This is an interesting article from Kiplinger about DFA Funds.
This Is Rocket Science
Academic ideas spawned one company’s great funds. But to get them, you must play by its rules.
By Bob Frick
From Kiplinger’s Personal Finance magazine, October 2008 The story of dimensional fund advisors is unlike that of any other fund company. You can’t just buy shares. Rather, you must first observe a courtship ritual and then hire an adviser. And if you’re patient enough to listen and you agree with DFA that no one can beat the market, you’ll be allowed to own DFA funds. As DFA’s chief investment officer, Eduardo Repetto, puts it: “If we show you the data and you believe the data, then we are here to serve.”

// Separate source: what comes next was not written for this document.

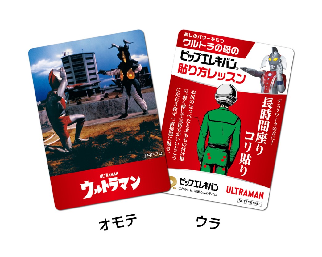 限定カードの表面には作中での名シーン、裏面は「ウルトラの母」が「ピップエレキバン」の貼り方を紹介するデザインになっています。

Just like Saab’s claim that its cars are “born from jets,” DFA funds are born of eggheads. Nobel prize-winning economist Myron Scholes sits on DFA’s board, as does University of Chicago finance professor Eugene Fama — considered a shoo-in for a future Nobel award. Chief executive David Booth and director Rex Sinquefield, who co-founded DFA in 1981, were Fama disciples in college. “When I walk into a board meeting,” says Booth, “I don’t have to worry about being the smartest person in the room.”
The DFA philosophy boils down to the relationship between risk and return. History shows that some riskier stocks — those of small companies and those considered undervalued — produce higher returns on average over time than other types of stocks. “But on average doesn’t mean every year,” says Booth. DFA clients must be willing to endure periods of drought.

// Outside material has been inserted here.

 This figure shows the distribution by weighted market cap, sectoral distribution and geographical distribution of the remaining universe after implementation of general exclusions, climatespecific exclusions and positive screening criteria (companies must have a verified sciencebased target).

But over the long term, many DFA funds boast impressive results. DFA’s marquee fund, U.S. Small Cap Value, for example, beats every relevant benchmark. The fund, which invests mainly in U.S. stocks with the lowest 10% of market capitalizations, returned an annualized 11% over the past ten years (all return data is to August 1). That beat both the Russell 2000 Value index, which measures undervalued small-company stocks, and the typical small-company value fund by an average of almost two percentage points per year. And it left the large-company Standard & Poor’s 500-stock index in the dust by nearly eight percentage points a year. ….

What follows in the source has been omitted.